Metadata Activism

By Laura Paglione and John Chodacki | Thu, Feb 13, 2020

Without metadata... Zero Hunger will take longer

Metadata 2020’s activism work is based on the Big Ideas that can be enabled and enhanced by richer metadata - ideas like solving poverty, and eliminating hunger.

We have developed a set of Metadata Principles that are helpful in quantifying and evaluating contributions that metadata is making toward these Big Ideas. These Principles quantify what it means to have richer metadata, metadata that is Compatible (provide a guide to content for machines and people), Complete (reflect the content, components, and relationships as published), Credible (enable content discoverability and longevity), and Curated (reflect updates and new elements).
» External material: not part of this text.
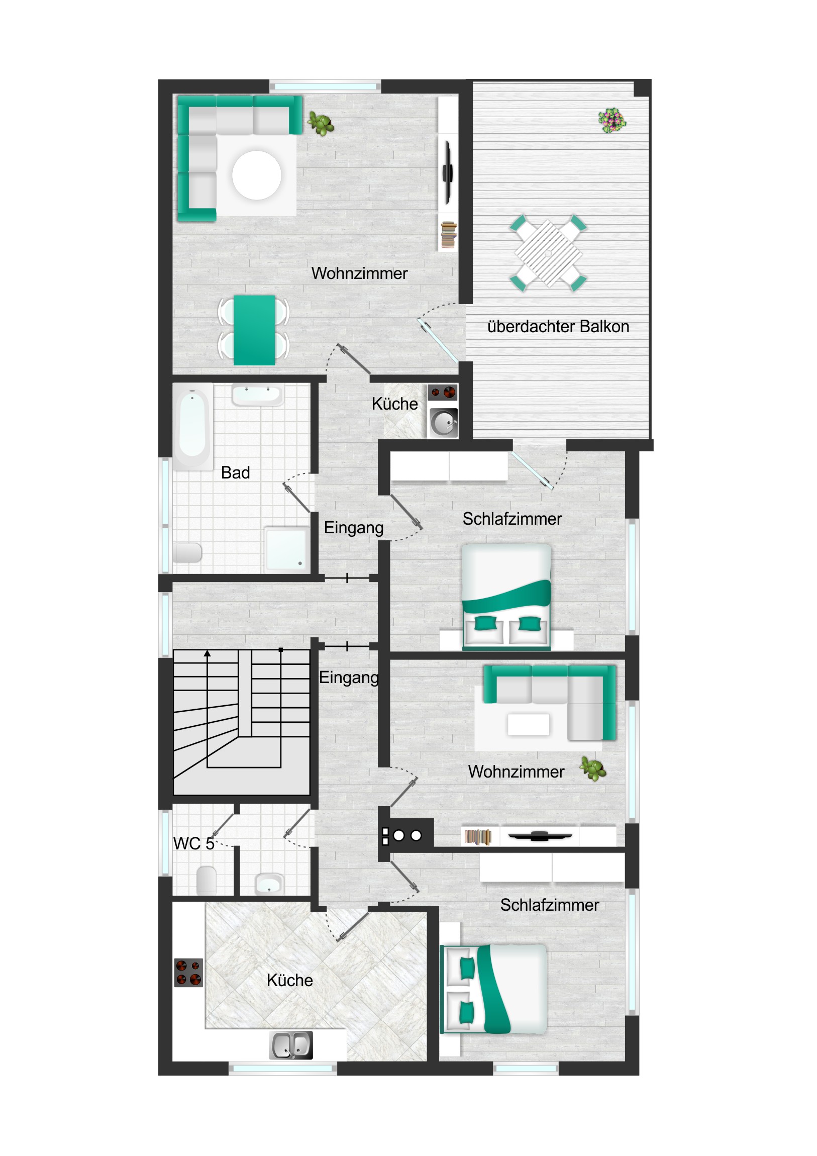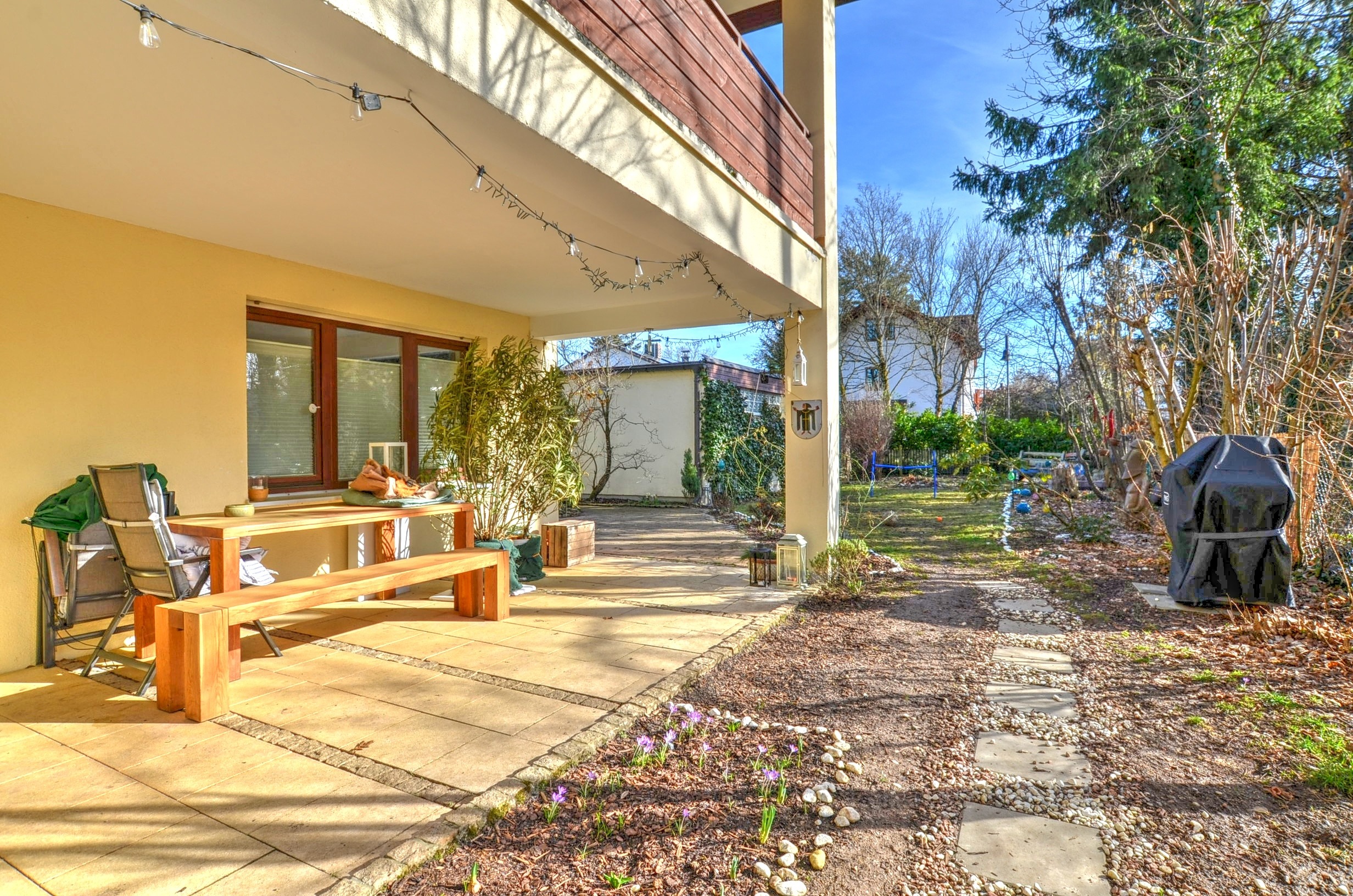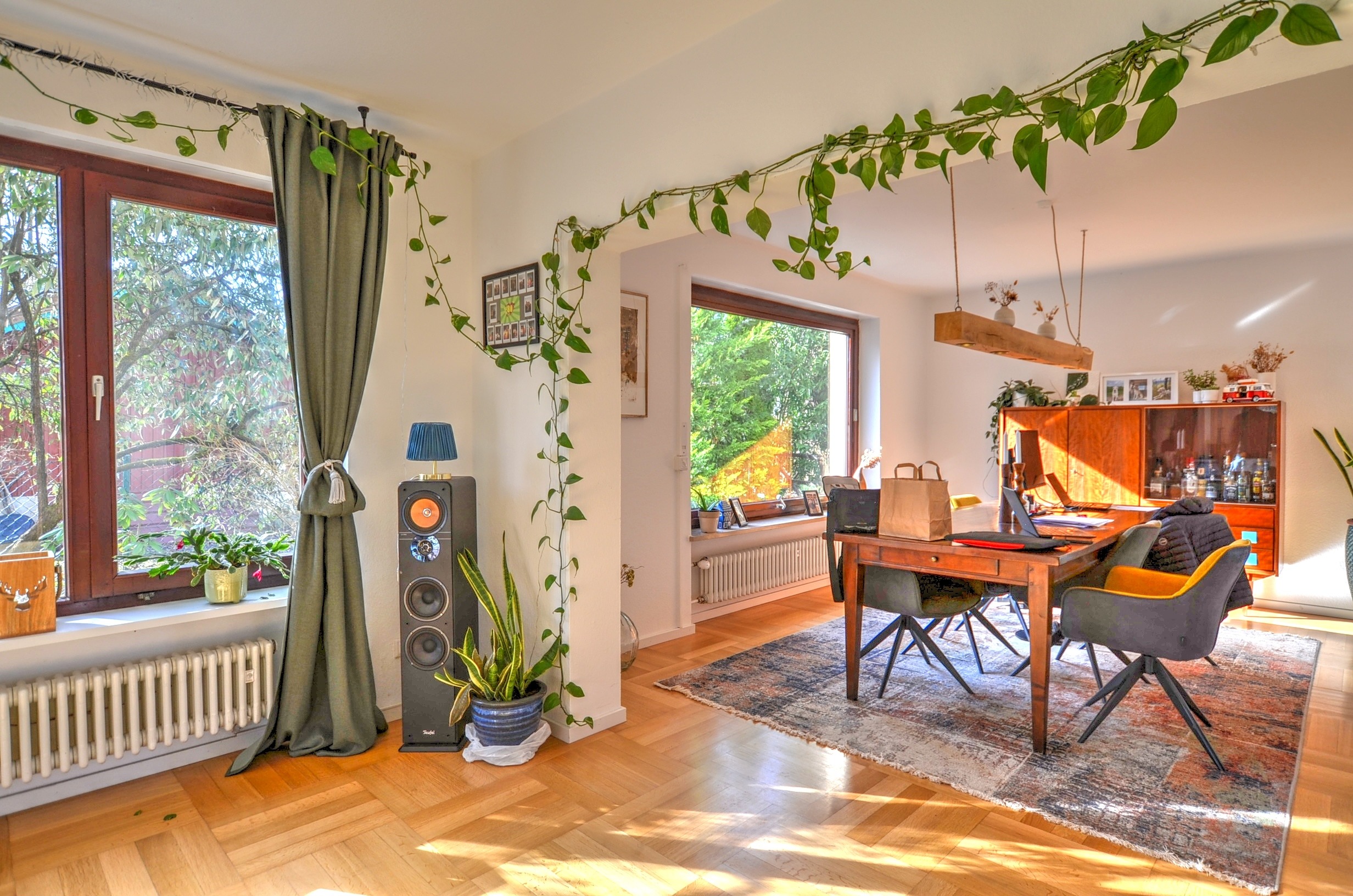 Das Haus umfasst derzeit insgesamt drei Wohneinheiten. Im Erdgeschoss befindet sich eine großzügige Wohnung mit direktem Zugang zum Garten, der den Bewohnern einen hohen Wohn- und Freizeitwert bietet. Im Obergeschoss befinden sich derzeit zwei weitere Wohnungen, von denen eine über eine große, sonnige Loggia in Südausrichtung verfügt. Die beiden Wohnungen im ersten Obergeschoss bieten das Potenzial für eine unkomplizierte Zusammenlegung zu einer großzügigen Viereinhalbzimmerwohnung mit Südloggia zur Eigennutzung ab dem 01.06.2026.

Based on these Principles, we also have developed a set of Metadata Practices that outline the actions needed by individuals and organizations to achieve these Principles to affect the Big Ideas.

During the last week of January, we kicked off our latest round of metadata activism at the PIDapalooza conference in Lisbon, Portugal. With two opportunities to get participants engaged we practiced some participatory community and action building.

Big Ideas with the Tree of PID-ful Life

10.5281/zenodo.3661233

What is a Big Idea that can be enabled by richer metadata? This is the question that this interactive exhibit sought to answer. Participants were invited to add their own big ideas to this tree that represents the growth of rich metadata to support these ideas. In addition to being really beautiful to look at, the tree by the end of the conference was filled with inspiring visions of a world rich with PIDs and metadata.

Photo of the Tree of PIDful Life

Be a Metadata Activist

10.5281/zenodo.3661228

During a 30-min session in the big conference room, participants identified the Big Ideas that they wanted to affect, and created action pledges of specific metadata practices that they will do in the near term.

To help formulate action pledges, we discussed Metadata Personas and how practices are shaped by the personas we assume. When the Metadata 2020 community groups developed the Personas, they considered the flow of metadata between individuals and systems, and recognized that people and systems take on one or more personas based on what they are doing at any one moment. In addition, the actions performed by each Persona are quite similar regardless of industry, title or background. Using this role-based approach is a useful construct for thinking about the actions we individually can take to improve metadata.

  • Metadata Creators provide descriptive information (metadata) about research and scholarly outputs.
  • Metadata Curators classify, normalize, and standardize this descriptive information to increase its value as a resource.
  • Metadata Custodians store and maintain this descriptive information and make it available for consumers.
  • Metadata Consumers knowingly or unknowingly use the descriptive information to find, discover, connect, and cite research and scholarly outputs.

The actions of the pledges were based on the list of Metadata Practices that we are developing that fall into 8 broad groups:

  1. Connect to what already exists
  2. Adopt schema best practices
  3. Honor the strategic nature of metadata
  4. Prepare for evolving needs
  5. Facilitate discoverability
  6. Adopt an attitude of continuous improvement
  7. Act on issues when you find them
  8. Take a personal role in making metadata richer

Their pledges were inspiring. What Big Idea do you feel needs more attention and richer metadata, and what would your pledge be to affect change?